I have never used R, but why (in the beginning) would you generate data in python and then plot in R, rather than just plot in python (which looks much nicer IMO)?

thesnark · on June 19, 2010

Plots in R are far superior to those generated with matplotlib or other packages. Take a look at ggplot2.

dododo · on June 19, 2010

what about 3D or 3D with time in R? this is what python has: http://code.enthought.com/projects/mayavi/

i'm not really sure about far superior for 2D: http://matplotlib.sourceforge.net/users/screenshots.html vs. http://had.co.nz/ggplot2/

revorad · on June 19, 2010

I remember looking at that matplotlib page for the first time and coming away thinking those graphs look a lot better and sharper than the default R ones. However, I found the reason for that is the images on that page are quite high resolution PNGs. If you make graphs of 200dpi or more in R, they look equally good. The annoying thing though is that you have to adjust all the margins and character size settings in R to plot at a higher resolution.

Jach · on June 19, 2010

Well done sir, you've just made me take the time to install Mayavi. (There were even a bunch of packages I had to unmask in Portage to do it.)

revorad · on June 19, 2010

One reason is the huge number of R libraries available for doing statistical analysis and graphing.

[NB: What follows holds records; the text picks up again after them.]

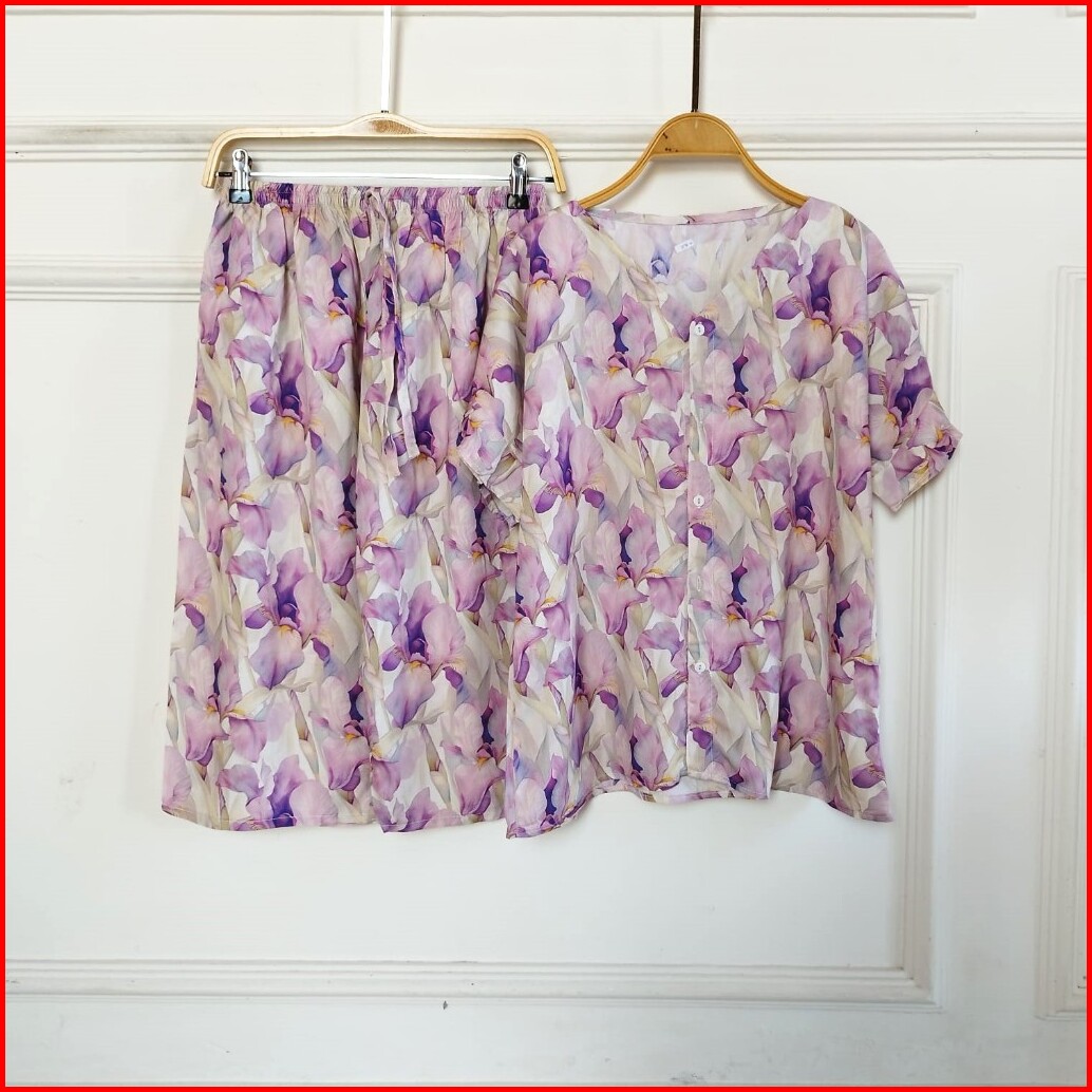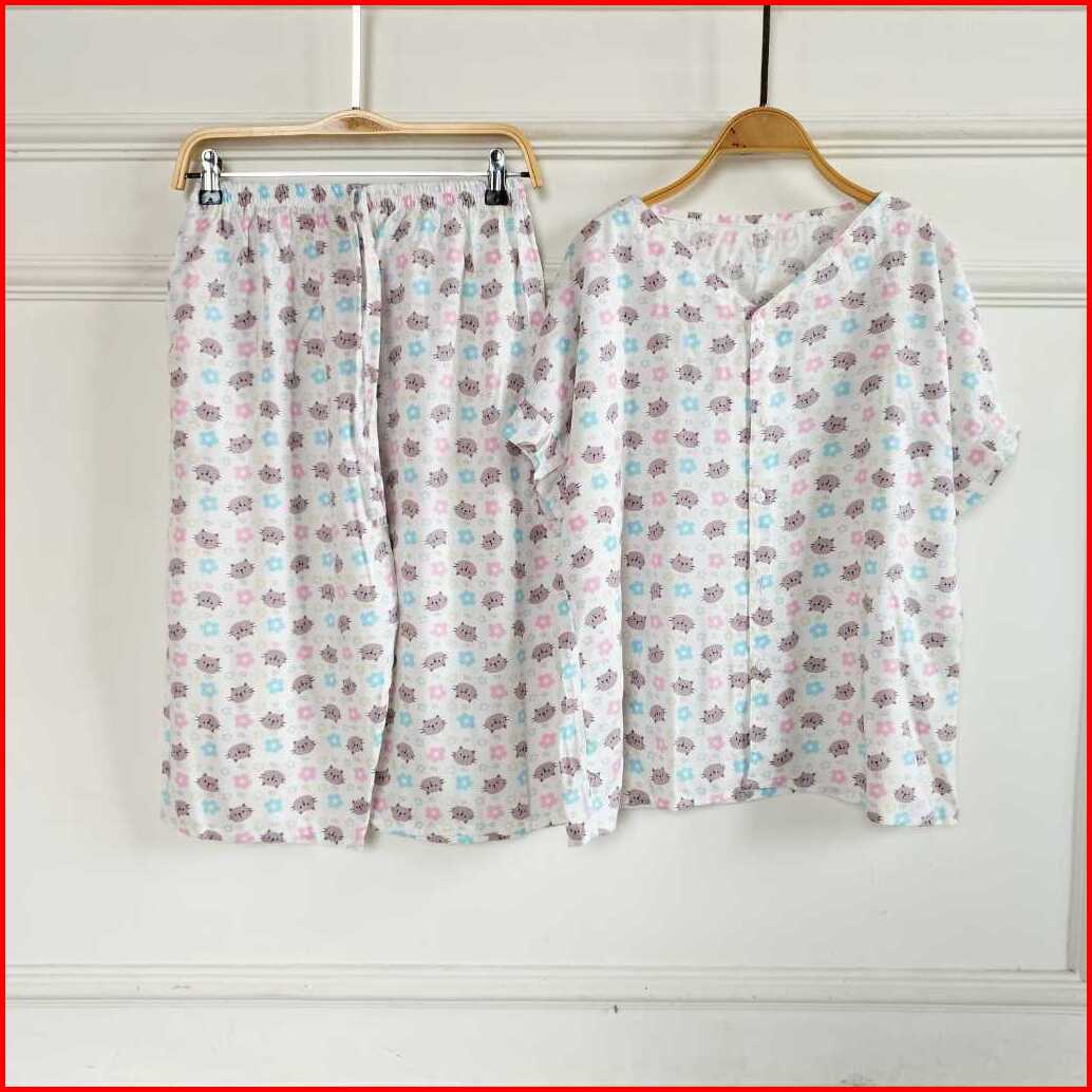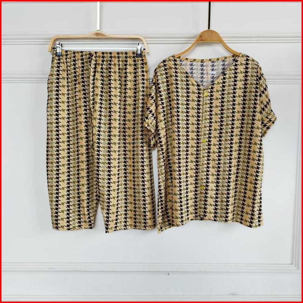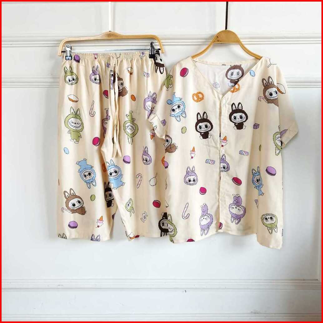 Piyama Kancing Hits Non Kerah V-neck Piyama Oneset Busui Piyama Rayon V-kerah 7 8 Homewear
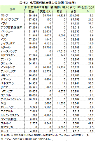 表-5.2に化石燃料の輸出額が大きい30か国を示しました。名目USドルによるデータです。輸出と輸入がある国は、輸入額を差し引き正味輸出額として示しました。石油、天然ガス、石炭の合計輸出額とGDPの比率を併記しています。
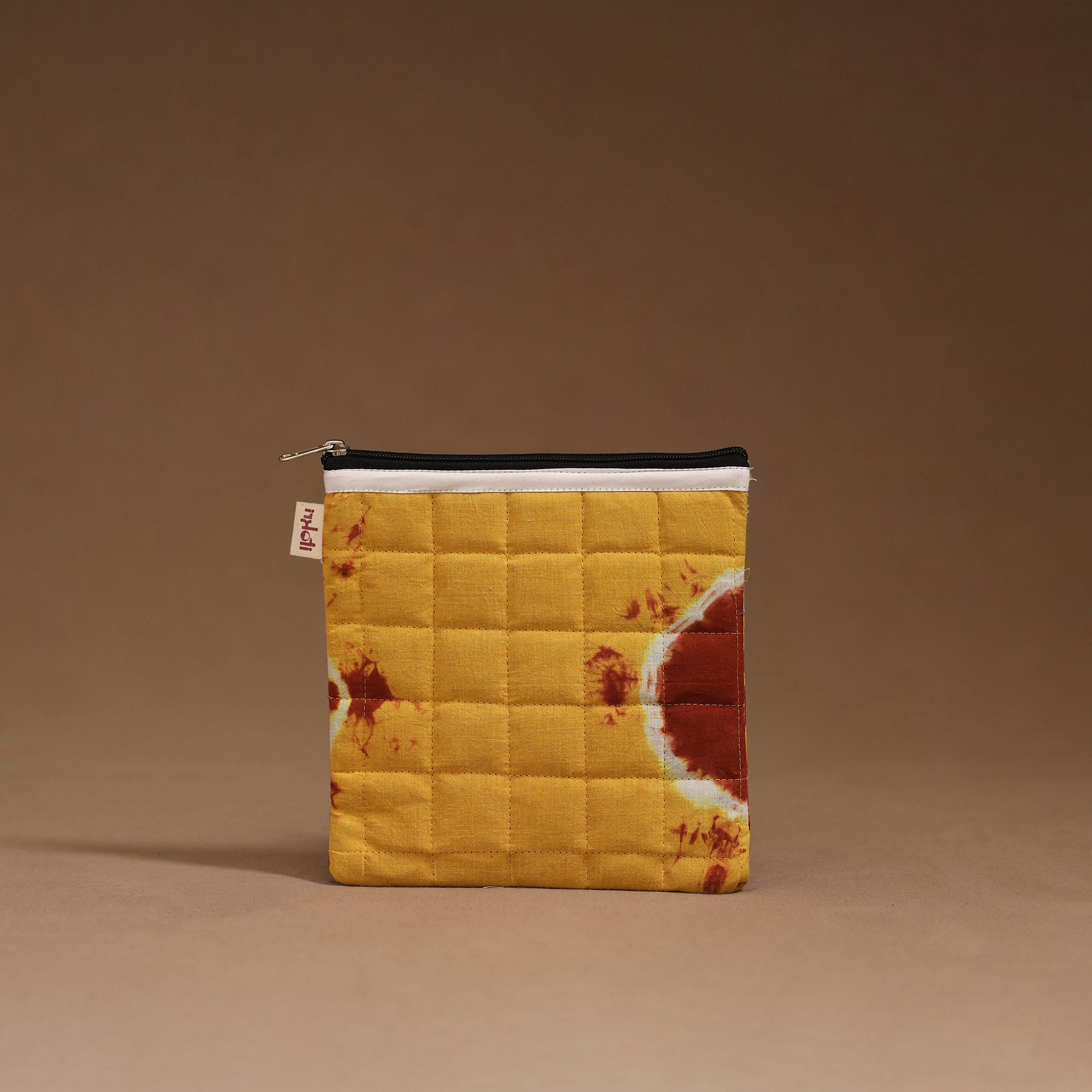 | Material | Yellow quilted utility pouch is made using indian handmade cotton textiles. It features a zip-lock main closure with ample space for essentials, while the foam lining adds durability and protection, making it perfect for travel and everyday organization needs. |
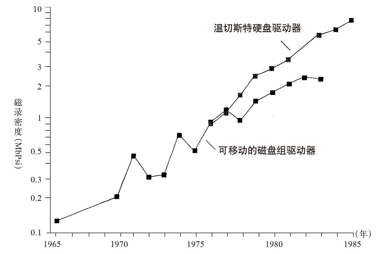 图1.5 温切斯特结构对14英寸硬盘磁录密度的延续性影响
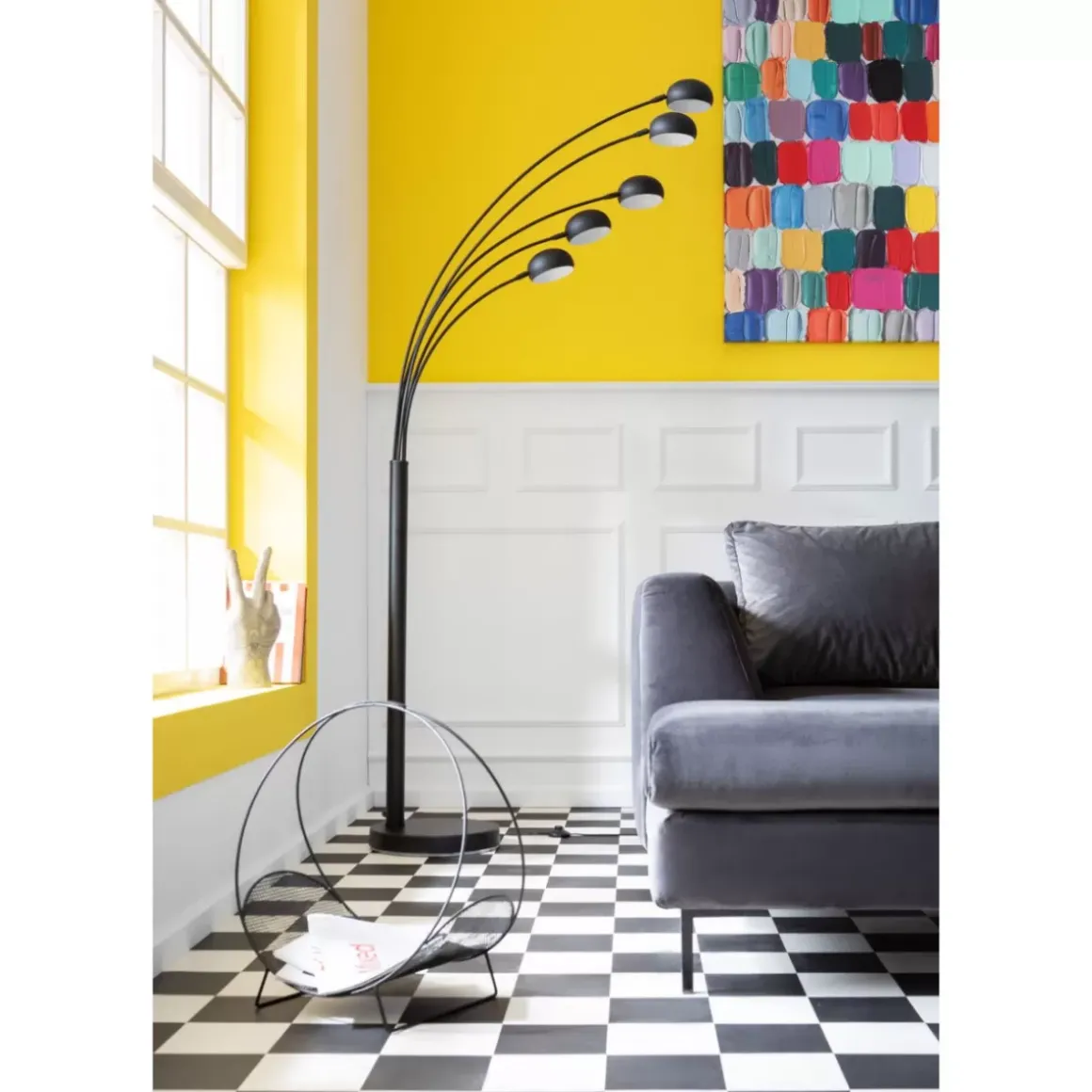 - Stehleuchte Aus Schwarz Lackiertem Stahl Mit Funf Lichtquellen
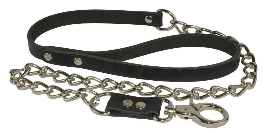 Массивный поводок-цепочка для ошейника. Ремешок изготовлен из натуральной кожи.
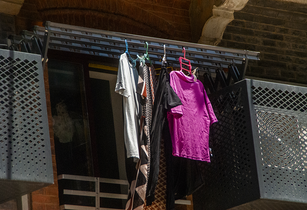 Durante el recorrido contemporáneo se aprecian lo mismo tiendas de marcas exclusivas de vestuario, cosméticos o teléfonos móviles, que simples comercios de alimentos ligeros y algún que otro edificio de viviendas, en cuyos balcones sus inquilinos cuelgan ropa para secarla al sol. Los transeúntes se refugian en la sombra y mitigan los 34 grados centígrados de temperatura ambiente con abanicos, pequeños ventiladores portátiles, sombrillas, sobreros y mucha agua. En los establecimientos comerciales sus dependientes se juntan frente a aparatos de climatización más grandes, acoplados a tubos que emiten aire frío.
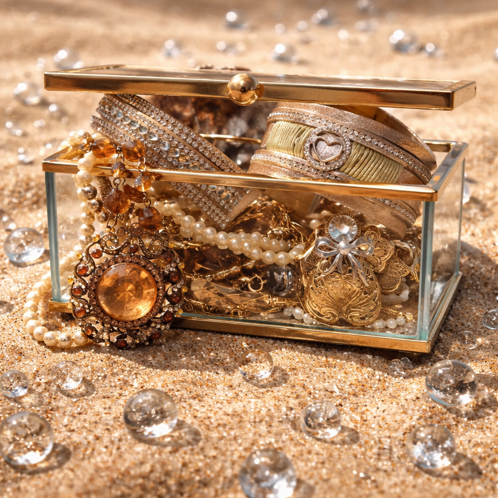 A stunning blend of elegance and display-worthy design, this square glass jewelry box is finished with sleek gold trim for a timeless, luxury feel. The clear glass panels beautifully showcase the treasures inside while keeping everything neatly organized and protected. Inside the bundle, youβll find coordinated gold-tone jewelry pieces designed to shine from every angle. Pieces are accented with a refined mix of sparkling rhinestones β¨, luminous pearl details π€, and warm amber tones π§‘
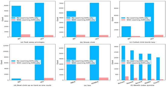 Figure 2 presents six grouped bar charts comparing the count of children with and without learning difficulties across various categories. Blue bars represent children without learning difficulties, while red bars indicate children with learning difficulties. The charts show differences in experiences and demographics, highlighting factors and patterns that might contribute to learning difficulties.
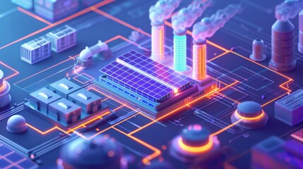 Dynamic digital grid visualization with glowing city infrastructure and data analytics displays, showcasing futuristic energy networks

sandGorgon · on June 19, 2010

Given the existence of Incanter+Clojure plus the Leiningen project (similar to R's inbuilt package management) - how does R compete? Especially considering primitive types support in Clojure - http://groups.google.com/group/clojure/browse_thread/thread/...

dagw · on June 19, 2010

R's libraray support is far more complete. R has been the defacto standard for statistics research for over a decade. This means that someone has already written an R library to handle basically any type of statstical or probability application you care to imagine. Also, for much the same reasons, the documentation for R is much much better.

hyperbovine · on June 19, 2010

someone has already written an R library to handle basically any type of statstical or probability application

Also, frequently the person writing the library is the guy who invented the estimator in the first place. To me this counts for something.

agentq · on June 19, 2010

My programming background is fairly extensive in non-functional languages. I work in finance, and the company I joined uses R for a considerable amount of model prototyping.

I'd really like to switch to Python+numpy/scipy, but I haven't been able to find an equivalent of a data.frame, or some numeric+string data structure that allows for easy slicing on both.

Does anybody have any suggestions?

etal · on June 20, 2010

Does numpy's record array do what you want?

http://www.scipy.org/RecordArrays

It doesn't quite have first-class status in the library the way data.frame does in R, but it does let you index an array using strings.

agentq · on June 20, 2010

Thanks, I'll check it out!

wildanimal · on June 20, 2010

I'm having the same problem. R is slow; yet R's plyr, reshape, and lattice packages are indispensable (ggplot2 wasn't quite mature enough when I wanted to learn it). Maybe something could be written around record/structured arrays. (I'm halfway inclined to try...)